#### [What to work on]
Copy the records below exactly, starting at the line that contains "Organic tapioca syrup, organic" and ending at the line that contains "3.Fácil de usar: con"; leave out any pictures.

#### [Exercise material]
<<<<
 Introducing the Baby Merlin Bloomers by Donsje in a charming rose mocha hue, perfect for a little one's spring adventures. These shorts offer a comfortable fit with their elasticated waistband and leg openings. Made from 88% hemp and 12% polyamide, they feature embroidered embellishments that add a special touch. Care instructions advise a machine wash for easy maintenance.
>>>>
<<<<
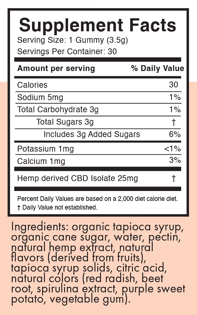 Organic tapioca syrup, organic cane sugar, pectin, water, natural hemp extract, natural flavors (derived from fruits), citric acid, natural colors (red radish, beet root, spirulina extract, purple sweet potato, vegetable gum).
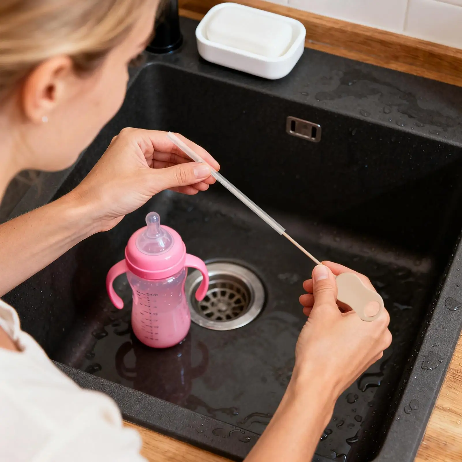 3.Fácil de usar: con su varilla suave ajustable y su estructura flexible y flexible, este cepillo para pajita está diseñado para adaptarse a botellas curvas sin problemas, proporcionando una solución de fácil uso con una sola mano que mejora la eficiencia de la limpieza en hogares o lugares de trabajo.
>>>>
#### [Written answer]
 Organic tapioca syrup, organic cane sugar, pectin, water, natural hemp extract, natural flavors (derived from fruits), citric acid, natural colors (red radish, beet root, spirulina extract, purple sweet potato, vegetable gum).
 3.Fácil de usar: con su varilla suave ajustable y su estructura flexible y flexible, este cepillo para pajita está diseñado para adaptarse a botellas curvas sin problemas, proporcionando una solución de fácil uso con una sola mano que mejora la eficiencia de la limpieza en hogares o lugares de trabajo.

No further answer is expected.